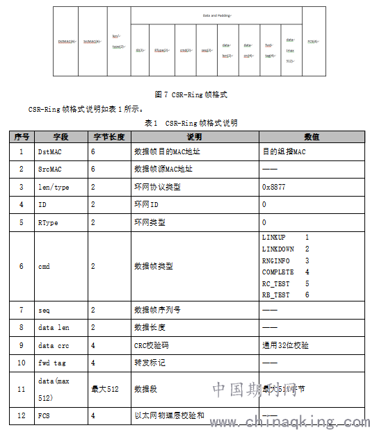 CSR-Ring帧利用了以太网帧格式,如图7所示,图中的数字指的是字节数。
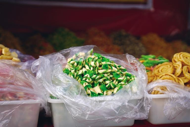 連日來(lái),拉薩市區(qū)內(nèi)的眾多店鋪換裝成“卡賽”店。記者走進(jìn)城中的一家店鋪,店內(nèi)擺滿(mǎn)了精美的“卡賽”。另一旁,工作人員各自分工,有的正在將切割、染色好的面片捏成不同樣式,有的正在將做好形狀的面團(tuán)放到鍋里。
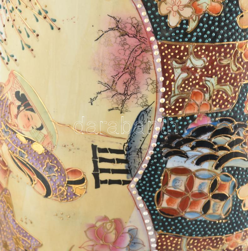 Monumentális, japán, Satsuma jellegű porcelán lámpatest, jelzés nélkül...
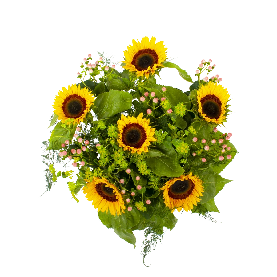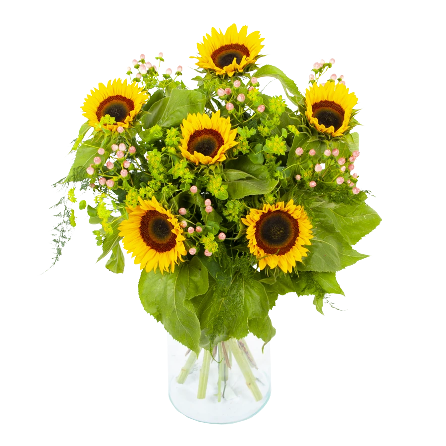 De practhige combinatie tussen zonnebloemen en groen geeft boeket zonnestraal een gezellige en zomerse uitstraling. Dit zonnebloemen boeket creëert meteen een prachtige sfeer in huis. Bovendien geschikt voor verschillende gelegenheden. Feliciteer, bedankt of verstuur zomaar dit prachtige handgebonden boeket en verras de ontvanger! * Exclusief accessoires en vaas
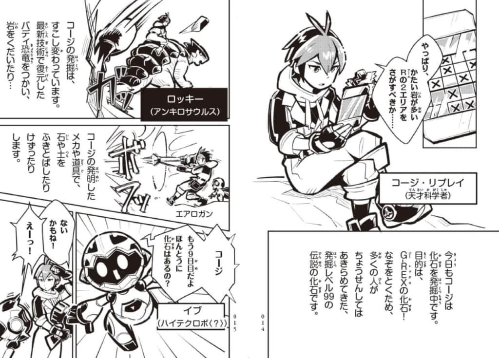 ズバ抜けた頭脳と行動力を活かし、相棒のロボット・イブと共に、人類に文明を授けたとされる恐竜、「G-REX」の化石を探して冒険をしています。

_Problem_
Starting at the first line of the material above and ending with the line that contains "De practhige combinatie", reproduce every line exactly, and leave out the pictures.

_Solved problem_
 CSR-Ring帧利用了以太网帧格式,如图7所示,图中的数字指的是字节数。
 連日來(lái),拉薩市區(qū)內(nèi)的眾多店鋪換裝成“卡賽”店。記者走進(jìn)城中的一家店鋪,店內(nèi)擺滿(mǎn)了精美的“卡賽”。另一旁,工作人員各自分工,有的正在將切割、染色好的面片捏成不同樣式,有的正在將做好形狀的面團(tuán)放到鍋里。
 Monumentális, japán, Satsuma jellegű porcelán lámpatest, jelzés nélkül...
 De practhige combinatie tussen zonnebloemen en groen geeft boeket zonnestraal een gezellige en zomerse uitstraling. Dit zonnebloemen boeket creëert meteen een prachtige sfeer in huis. Bovendien geschikt voor verschillende gelegenheden. Feliciteer, bedankt of verstuur zomaar dit prachtige handgebonden boeket en verras de ontvanger! * Exclusief accessoires en vaas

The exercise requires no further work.